I’m building a CAD / engineering-style viewer in Three.js with hundreds of meshes and a fixed set of visualization modes:
- Shaded
- Wireframe
- Hidden Line
- Silhouette / Outline
- Translucent
- Line / Centerline
Current approach (hybrid)
We currently use a mix of two techniques:
1. Pre-created geometry + layers
For example, for Line / Centerline mode, I create the line representation at the time the mesh is created, assign it to a separate layer, and simply toggle visibility by switching the camera layer.
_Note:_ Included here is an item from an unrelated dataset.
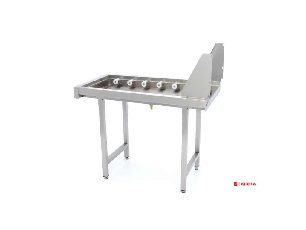 Tento válečkový stůl je vyroben z nerezové oceli, která je známá svou odolností a snadnými čisticími vlastnostmi. Připojený motor pohybuje válečky, což usnadňuje výstup čistého nádobí z myčky bez jakýchkoli komplikací.

2. Scene traversal + material modification
For other modes (e.g. Translucent), I traverse the scene and modify materials, with reset / restore logic on every mode switch.
Example:
public applyTranslucent(alpha: number = 0.2): void {
this.resetToClean();
this.forEachMesh((mesh) => {
this.modifyMaterials(mesh, (mat) => {
mat.transparent = true;
mat.opacity = alpha;
});
});
}
This works, but adds material state management, traversal cost, and complexity as the number of modes grows.
Proposed approach
We’re considering moving to a pure layer-based approach:
- Pre-create required representations once when geometry is created
- Assign each representation to its own layer
- Switch visualization modes by switching camera layers
- Keep silhouette / outline as a post-processing effect only
This means multiple representations exist in the scene, but only one layer is rendered at a time.
Questions
- Is a layer-based / precomputed representation approach recommended for this type of use case?
- From a scalability and performance perspective, is it generally better to:
- pay an upfront memory cost, or
- traverse the scene and mutate materials on each mode switch?
- Are there any known pitfalls with layers when working with large scenes (hundreds or thousands of meshes)?